Well, I thought to myself. I’ve been referred to by a few names in my 45 years of life, but never a fat dreamy penguin.

I carried on reading down the e mail: if you’re still interested in using the username humongouspenguindreamer, just hit this button. There it was, as clear as anything. Highlighted in blue; calling me to just hit it. Goading me to agree to the name: I’m still a humongouspenguindreamer. And you know what, I almost hit that button, as the way the past two weeks have gone a fat, dreamy bird pretty much sums up how I’m feeling.

Because of Harry…

As many of you will be aware, partner’s cousin Harry is no longer with us, but his spirit lives on. When he was missing, everyone was upset and when you are upset, different rules seem to creep in to your life. Some of these are good rules, like I can’t be fecking bothered to get worked up about my ex. There’s never any point in this anyway, so this is a step forward – thanks to Harry. Other things, however, got lax.
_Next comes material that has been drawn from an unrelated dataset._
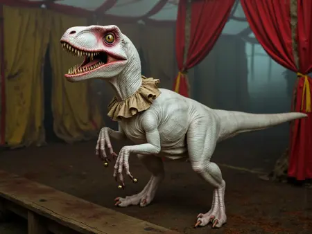 这是一个基于《侏罗纪公园》风格迅猛龙概念与设计训练的Flux LoRA,参考了《侏罗纪公园》系列电影多个时期的影像。模型使用约60张精心挑选的图像(包括电影剧照、机械模型和宣传素材)在512分辨率下训练而成。该模型精准捕捉了原始《侏罗纪公园》电影中迅猛龙的经典轮廓与风格——长吻、锋利的爪子、聪慧的表情、纤瘦的体型,以及标志性的匍匐姿态。

For example, I didn’t seem to have that voice in my head, that tells me to stop hunting in the cupboards for cake. That voice was now telling me that it is fine to look for cake, eat all the bloody cake you want, because of Harry. The other morning the girls were taking conversational lumps out of each other. Rather than calming the situation down, (only for the neighbour’s sake), I just sloped back upstairs, to think about Harry. They’re just tired, I told partner, and they are worried about Harry.
Now Harry is gone, but of course he is continuing to affect our lives minute by minute. His calm, tender, intelligent spirit is touching us: the sun seems even brighter today, because of Harry. I am noticing every beautiful line and curve on partner’s face, because of Harry. I’m feeling other people’s warmth more intensely, because of Harry.
I kiss partner’s trembling bottom lip as I go off to work. I would rather life stopped for a moment so that I can hug him and cry and talk about what’s happened and feel upset that it’s one of the good guys that has gone and not one of the shitheads who walk on this earth, but life goes on. I have 13 3 and 4 year olds waiting and baying for my Taekwon-do instructor blood and they don’t give a crap about some bloke called Harry. We’ll open a bottle of wine tonight, partner says. I look at him with that, ‘on a Wednesday?’ look and then I say, ‘sure’, because of Harry.
The huge, aching hole that Harry’s death has left me with fills up with tears like a well. I have a feeling, however, that Harry’s spirit will use that water in the well to grow some bloody amazing veg and some other sustainable food sources that we can all eat and as we’re munching on a huge courgette, we’ll say that the world is still a better place, because of Harry.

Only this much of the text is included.